出入国在留管理庁「現行入管法の課題」広報の偏見
2023年02月27日
2年前の通常国会に提出されたものの、名古屋入管に収容中だったスリランカ人女性ウィシュマ・サンダマリさんが死亡した問題によって廃案になった入管法改正案。その骨格を維持した法案を、政府は開会中の今国会での成立を目指しています。「理解」を求めて、現行法で生じている「課題」を強調する政府の広報に、外国人の人権保護に取り組む児玉晃一弁護士が反論します。
2023年2月20日、出入国在留管理庁がWebサイトで「現行入管法の課題」を公表しました。
2021年12月に出された「現行入管法上の問題点」については、以前に論座で〈「前科者は送還してしまえば良い」という政策は政府の方針にも反します~入管庁資料「現行入管法上の問題点」の問題点〉として書かせて頂きましたが 、今回の「現行入管法の課題」は、その時に指摘したものだけでなく、問題のある記述が多々見受けられます。
今回の「現行入管法の課題」は表紙含めてスライド5枚。前回の「現行入管法上の問題点」は18枚でした。凝縮されている分、ともかく、「送還忌避者」や難民申請者が、重大犯罪者であるかのごとき記述が目立ちます。
稲葉さんは、また、「論理的に破綻した政策をどう押し通すのか。古今東西の政権が幾度となく活用してきたのが、マスメディアを使って人々の感情に訴える手法である。」、「一部の人たちにマイナスイメージを付与することで、自らが実現したい政策を後押しする方向に世論を誘導するのは、古典的な手法である。」とも指摘しています。
「現行入管法の課題」では、2021年12月末時点で、出入国在留管理庁のいう「送還忌避者」3224人のうち、約3分の1の1133人が前科を有する者としていますが、そのうち実刑判決を受けた人は515人です(スライド3枚目)。
ですが、2021年12月末時点で入管に収容されている被収容者は、入管統計によれば全国で124人です(※1)。 収容されている124人のうち、何人が出入国在留管理庁の定義する「送還忌避者」で、かつ前科を有するのかはわかりませんが、仮に全員だったとしても、残りの1000人以上は収容されていない、つまり仮放免されていることになります。したがって、入管自身が社会内での生活を認めている訳です。とりたてて問題視する程のことではないことがわかります。
※1:なお、長期収容が予定されている入国者収容所東日本入管センター及び同大村入管センターの合計は31人に過ぎません。
そして、前科があるからと言って、送還してしまえば良い、というのは、再犯防止のために最も重要な住居と雇用を奪うことに繋がりかねません。それは、国際的な犯罪防止を謳った2021年京都コングレスの決議にも反することは、以前〈「前科者は送還してしまえば良い」という政策は政府の方針にも反します 入管庁資料「現行入管法上の問題点」の問題点〉で述べたとおりです。

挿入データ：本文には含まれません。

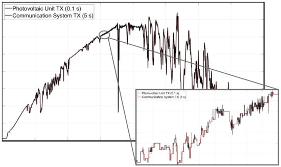 Considering a periodicity of communications between SECC and EVCC of 5 s, Figure 21 plots the difference between generation and charging levels. The values transmitted via the photovoltaic panel unit and the values transmitted between the communication controllers are very close throughout the daily sample. In light of these results, the utilization of the 5 s periodicity between transmissions in the setup for the task-scheduling algorithm is justified.

「現行入管法の課題」では、「仮放免者の逃亡事案が多発している」との項目を設けています(スライド3枚目)。
まず、ここで「逃亡」とされているのが、どのような場合を「逃亡」と述べているのか、定義が不明確です。入管に指定された日に出頭しなかったということではないかと思いますが、仮放免者は働くこともできず、生活保護も受けられず、国民健康保険にも加入できません。「逃亡者」には、健康を害して出頭できず、場合によっては命を落としている人も含まれているのではないでしょうか。入管に出頭する交通費もなく、ホームレスになってしまった人もいるのではないでしょうか。
また、2019年には、ハンストで衰弱した結果、数年ぶりに仮放免が許可されたもののわずか2週間後の出頭日に再収容されたケースが相次ぎました。2020年9月に、国連の恣意的拘禁作業部会が、自由権規約が禁止する「恣意的拘禁」にあたると認定した2人の難民申請者もそうでした。それを知った別の仮放免者が、また数年もの収容生活に戻るのを恐れて逃亡したこともあります。
2020年4月以後、コロナまん延防止のために仮放免が活用されるようになり、被収容者は激減しましたが、流行が収まってきた2021年11月に入管は運用を元に戻す旨の通達を出し、再収容が始まりました。この運用変更をおそれて、出頭できなかった方が増えたのが、「逃亡者」増加の原因ではないでしょうか。
このように、入管による、「全件収容」「原則収容」政策が、「逃亡者」を増やしているのではないかと推測できます。「現行入管法の課題」では、「逃亡防止措置が十分でなく、逃亡事案が多数発生」としていますが(2枚目のスライド)、現行法の仮放免保証人制度は制定時から同じです。ですから、この数年間で「逃亡者」が増加した原因とはなりません。「現行入管法の課題」ではほかに「逃亡者」が増えた原因を示していないのです。原因がわからないのに、対策など立てようがない。それなのに、安易に監視を強化する方向に誘導しようとしているのです。